Боян понимающе кивал.
Да, всё верно. Не дело судить князя, потомка богов.
А Мороз-то каков! Вот тебе и нелюдим!
– А в битве ты был?
– Был, – нехотя ответил Мороз. Выговорившись, он снова стал таким же каким был – угрюмым и нелюдимым, малоразговорчивым. – Вон там, за Немигой, битва была, где россыпь валунов. Сколь мёртвых мы после схоронили – не счесть.
Боян молча кивнул.
Поле у Немиги было уже густо затянуто туманом, и никаких камней видно не было. Но Боян всё равно видел их. Там, среди них, два года тому сражались полки Ярославичей и Всеслава, шли на приступ отчаянные кияне, черниговцы и переяславцы, стояли насмерть, упершись в землю ступнями и древками копий, упрямые кривичи, ржали кони, ломались копья и звенело железо. И выли волки…
Какие ещё волки?
Буян вздрогнул.
– Какие ещё волки? – переспросил он.
Мороз не удивился.
– Так Всеслав-князь своих воев волками оборотил, чтобы от Дудичей сюда за два дня поспеть. Потому и не пошли после Менска Ярославичи к Полоцку, что быстро поспела Всеславля дружина.
– Оборотил… – у Бояна не хватало слов. Он многое слышал про Всеслава в Киеве, и оборотнем злые языки князя за спиной называли, а всё-таки такого не слышал даже и от полочан. Впрочем, сколько было в Киеве тех полочан даже и когда Всеслав на столе киевском сидел? Горсть.

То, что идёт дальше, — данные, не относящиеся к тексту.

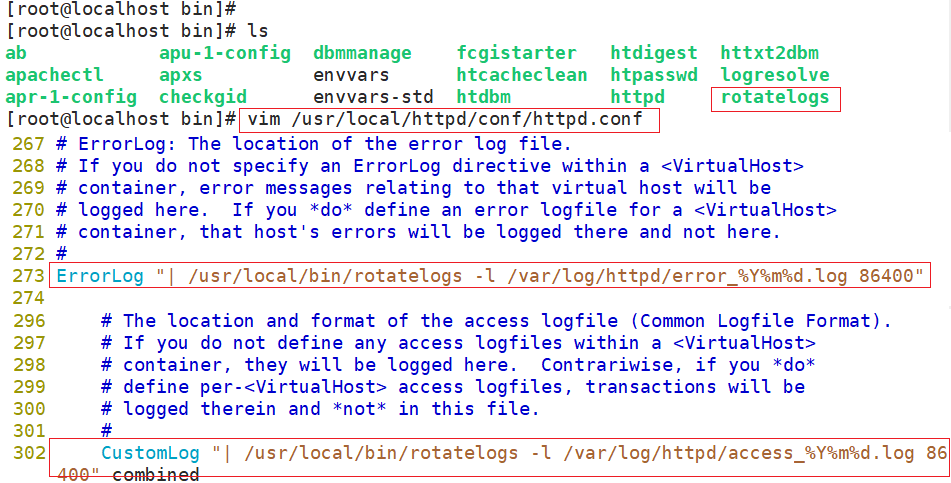 (1)修改主配置文件:使用 Apache 自带 rotatelogs 分割工具,将 Apache 的日志进行按每天的日期自动分割。
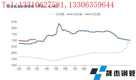 2月全国彩涂板卷价格均价为7057元/吨,较1月份6973元/吨上涨84元/吨。彩涂板卷同样也在节后迎来开门红,尤其是民营企业更是多次调整指导价,使得市场贸易商报价也是跟随调整。从图中可以看出,彩涂板卷价格高于近两年同期,无论是国营还是民营价格均是如此。虽然彩涂板卷价格仍然表现不错,但也存在两方面的矛盾。一方面,国营无缝91视频在免费线观看钢管厂家出台3月份期货价格上涨300元/吨,与当前现货价格已然倒挂;另一方面,彩涂板卷需求暂时未有明显启动,商家普遍反馈需求不畅,下游客户拿货意愿较低,为了回笼资金保证现金流也仅能倒挂出货,所以当前彩涂板卷处于有价无市的状态。
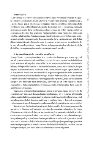 1. La semiótica de la creación manifiesta Harry Chávez contempla en Dios a la conciencia absoluta que se encarga del mundo y se manifiesta en lo cotidiano a través de las experiencias de la belleza y del asombro. El impulso primordial de su proyecto artístico es el descubrimiento de la pulsión vital de la existencia humana, como parte del todo, lo que implica el acercamiento a lo divino, a un Dios Cósmico cuyos signos están en la Naturaleza. Resalta en este sentido la imponente presencia de la Amazonía y del ayahuasca; asimismo la simbología andina de la creación. La obra de arte sería la encarnación material de este significado espiritual, fundamentalmente antiguo; arte fluyendo de la naturaleza, expresión de un todo orgánico, cuyos elementos se hallan vinculados por la unidad sutil de la vitalidad de lo sagrado que fluye desde dentro. Su proceso artístico integra prácticas que se generan en base a un proyecto de constitución y acción de las construcciones formales en el régimen afectivo; la relación entre la forma expansiva y la intensa afectividad contenida se ubica en el impulso primordial de la enunciación, en el cual conviven el deseo de recuperar visiones ancestrales de lo sagrado con la necesidad de participar en su revelación. Su estructura fundacional proviene de la interacción de tres componentes: la narrativa, el discurso y el lenguaje expresivo. La narrativa en las obras de Harry Chávez cuenta historias de la creación manifiesta, fragmentaria o simbólica; el discurso propone un punto de vista y una interpretación sobre la vida y los valores que integra lo sagrado y lo profano en la comprensión de una dinámica permanente del acto y de la presencia de lo divino en el mundo; el lenguaje expresivo proporciona una forma perceptible al mundo creado, desde la individualidad creativa, con un enfoque dialógico, que apela a las tradiciones artesanales (Figura 1).
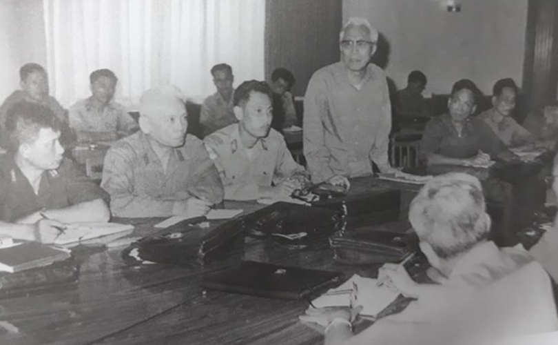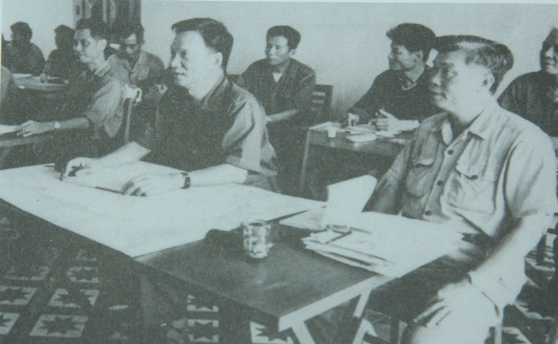 Thượng tướng Lê Đức Anh - Thứ trưởng Bộ Quốc phòng, Trưởng ban lãnh đạo đoàn chuyên gia kiêm Tư lệnh quân tình nguyện Việt Nam tại Campuchia nghe báo cáo tình hình chiến sự và công tác giúp bạn hồi sinh đất nước tại Sở chỉ huy lãnh đạo đoàn chuyên gia ở Phnom Penh, Campuchia, tháng 3/1980
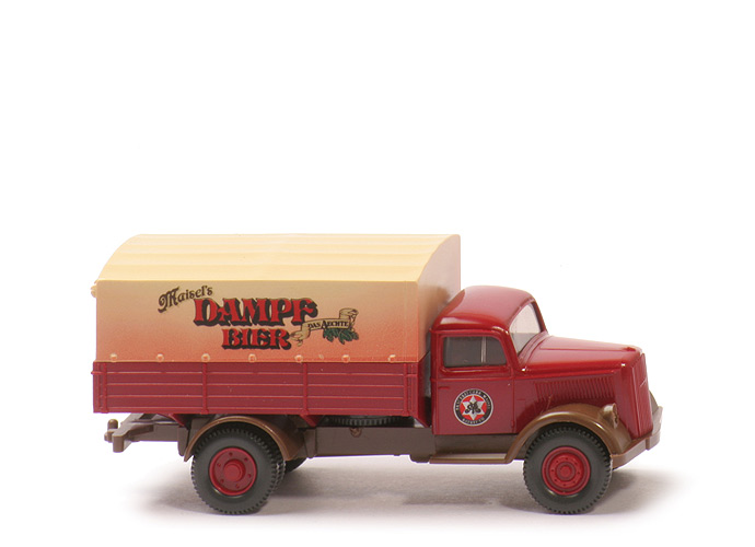 Kabine | dunkles rubinrot | Verglasung | klar | Blitz auf Grill | mit | Chassis Farbe | blassbraun | Chassis Bodenprägung | altes WIKING-Logo, neues Germany | Zughaken | integriert, klein | Chassis hinten | offen | Reserverad | unter Pritsche mittig | Pritsche | dunkles rubinrot | Pritsche Bodenprägung | 3350, WIKING Germany | Pritscheneinlage | silbern | Bedruckung Türen | Maisel-Logo | Räder | 11mm, Profil fein | Felgen | rubinrot eingesetzt, vorne 8-Loch, hinten 6-Loch | Plane | hellbeige | Bedruckung Plane | Maisels Dampfbier (s. Foto) |
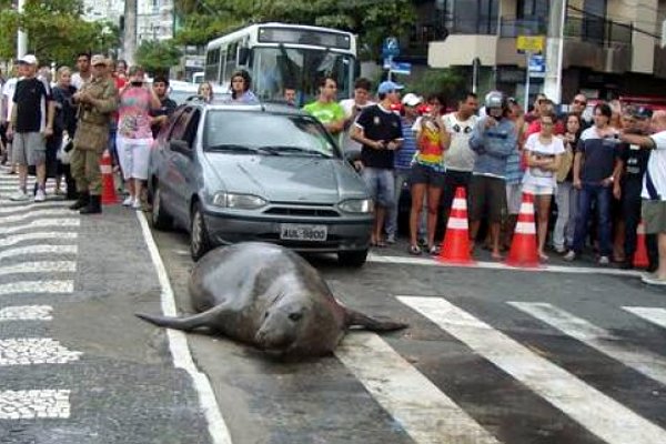 คลิปแมวน้ำตัวหนึ่งไม่ทราบว่ามันมาจากไหนกำลังข้ามทางม้าลายท่ามกลางถนนที่มีรถพลุกพล่านบนถนนในประเทศบราซิล
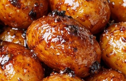 Finished glazed potatoes with parsley and flaky salt
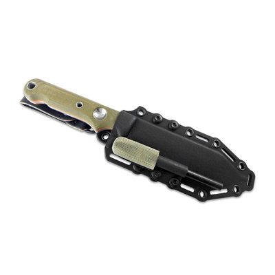 Atop the blade is a notch for efficient striking of a ferro rod and one is included with each knife. Features a polished stainless steel divot for use with a fire bow. This is a well-designed, great looking, and robust knife intended for serious work. The FC5 is outfitted with a Kydex sheath.

Туман за Немигой зашевелился, заходил клубами. Боян ясно видел движущихся в тумане воинов – мелькали островерхие шеломы, кони и люди, наконечники копий и нагие мечи. Казалось – протяни руку – и коснёшься плеча, облитого кольчужным плетением.
Боян вздрогнул.
Из тумана вдруг выступил воин. Выше любого человека на две головы, он тем не менее, не казался огромным. Ощутимо живой и ясно видимый – и всё-таки сотканный из тумана. Кожаный панцирь с железными нашитыми пластинами на груди и плечах, бритая голова с длинным полуседым чупруном, молодые глаза, ярко-алое кровяное пятно на свежей перевязи поперёк лба. Витязь.

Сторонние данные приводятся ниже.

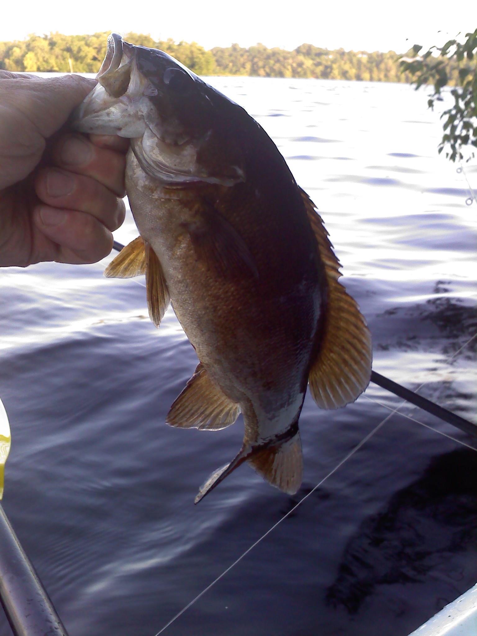 Took me all evening to find the bass. Tried all my favorite spots and nothing. Had no trouble landing the pike last night but then I came upon this shore with a rock "wall" in a part of the lake Ive never been and bam, the smallmouth action was on. The tailwalking action was good. Ive got the legal limit marked on my kayak and he was about 3" past that. The second fish and the others that followed were fairly small but loads of fun!!
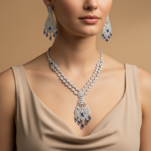 A breathtaking blue sapphire and diamond necklace set, featuring an elaborate statement necklace and matching chandelier earrings. The necklace presents a dual-strand design composed of intricate, diamond-studded leaf or feather-like motifs. These strands converge into a magnificent, multi-tiered pendant that boasts intricate diamond scrollwork, centered by a round blue sapphire, and adorned with dangling pear-shaped blue sapphires.
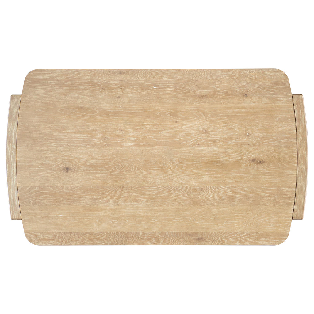 The Retreat Rectangle Cocktail Table has a tranquil personality with a modern twist. Simple, clean lines are in a rectangle shape with rounded corners and interlocking block-style legs. Crafted of Oak Veneers, it is finished in the sand-colored Dune, transparent by design to reveal the unique grain patterns of the wood veneer. One lower fixed shelf.
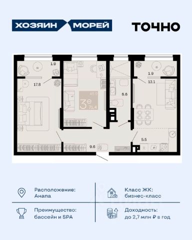 Жилой комплекс включает в себя корпуса высотой от 8 до 12 этажей. Дома возведены по качественной монолитной технологии строительства, с использованием комбинированных фасадов. В здании выполнена дизайнерская отделка входных групп и установлены современные скоростные лифты. В проекте предложено множество планировочных решений классического типа: от уютных студий до просторных 3-ех комнатных квартир. Сдаются они с подчистовой отделкой, панорамными окнами и высотой потолков 2,7 метра. Территория комплекса благоустроена и озеленена. Во дворе спроектированы безопасные детские и спортивные площадки с тренажерами и многофункциональными воркаут-комплексами, предусмотрены зоны отдыха и барбекю, а также зона для выгула собак. На территории комплекса возведена школа и 2 детских сада. Для владельцев автомобилей предусмотрен подземный паркинг. Жилой комплекс расположен в развитом районе города, где есть вся необходимая инфраструктура. Недалеко от комплекса располагаются торговые центры, аптеки, пункты выдачи заказов, школы, детские сады, а также поликлиники. До центра Анапы можно добраться за 10 минут транспортом.
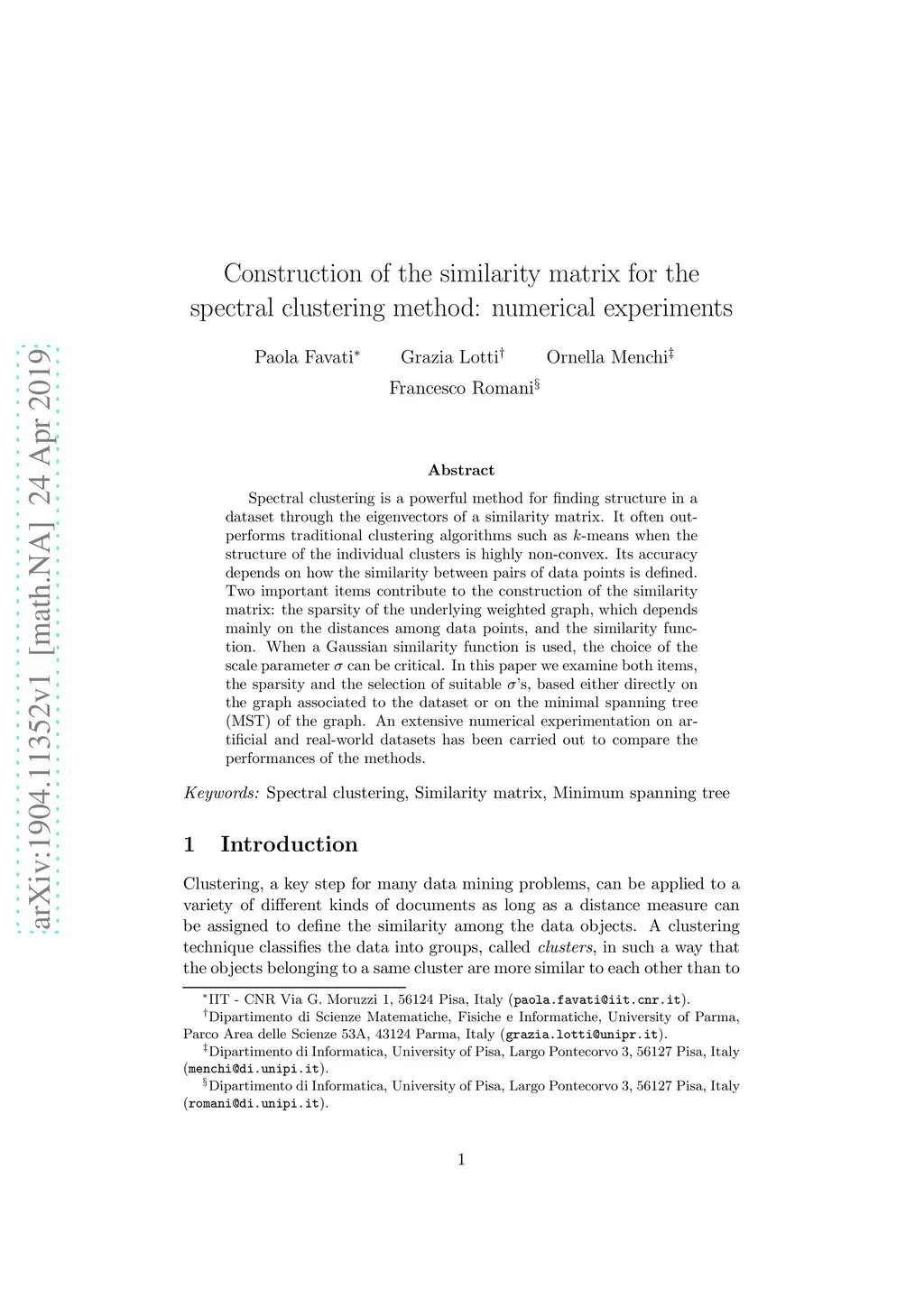 Construction of the similarity matrix for the spectral clustering

До него было с десяток сажен, но, несмотря на это и на густой туман, и Мороз, и Боян ясно видели лицо и даже глаза витязя. А в следующий миг Боян понял вдруг, что витязь идёт прямо к ним, идёт над рекой, плывёт в тумане. Ноги витязя шевелились, но касаются ли они воды, видно не было – ниже колен они тонули в густой туманной пелене. А ещё через миг Боян понял, что воин идёт мимо них.
Он прошёл всего в шаге от Мороза и Бояна, так и не заметив ни их самих, ни жердевой изгороди, ни чего иного. Прошёл мимо и скрылся за углом избы, крытой дерновым накатником.
– Кто это был? – спросил Боян помертвелыми губами.
– Горяй, – коротко ответил Мороз, провожая витязя глазами, и пояснил, видя, что Боян не понимает. – Он принёс себя в жертву перед боем. Сам.
– Готов ли, Бояне? – сумрачно спросил Мороз наутро, когда прикончили утреннюю выть. Он уже знал, что гусляру надо в Полоцк и ещё с вечера взялся показать ему дорогу. Боян только молча кивнул, и хозяин, не тратя больше слов, нахлобучил шапку и, на ходу накидывая свиту, молча вынырнул из жилья, чуть пригибаясь в дверях. Боян двинулся следом, за ними же увязался и светловолосый хозяйский сын – теперь Боян уже знал, что зовут его Бажен. Видно, сильно ждали первенца Мороз с женой, раз такое назвище дали.
Шли по узкой, едва ли не звериной тропе, часто нагибаясь под низко нависшими ветками. Бажен за всю дорогу по лесу подал голос всего раз – когда гусляр, которому надоело кланяться деревьям, потянулся к топорику – срубить ветку.
– Не надо бы, Бояне… – обронил он негромко, но так, что у гусляра кровь замёрзла в жилах. Никакой угрозы не было в голосе парня, но Боян враз ощутил древнюю нечеловеческую мощь леса.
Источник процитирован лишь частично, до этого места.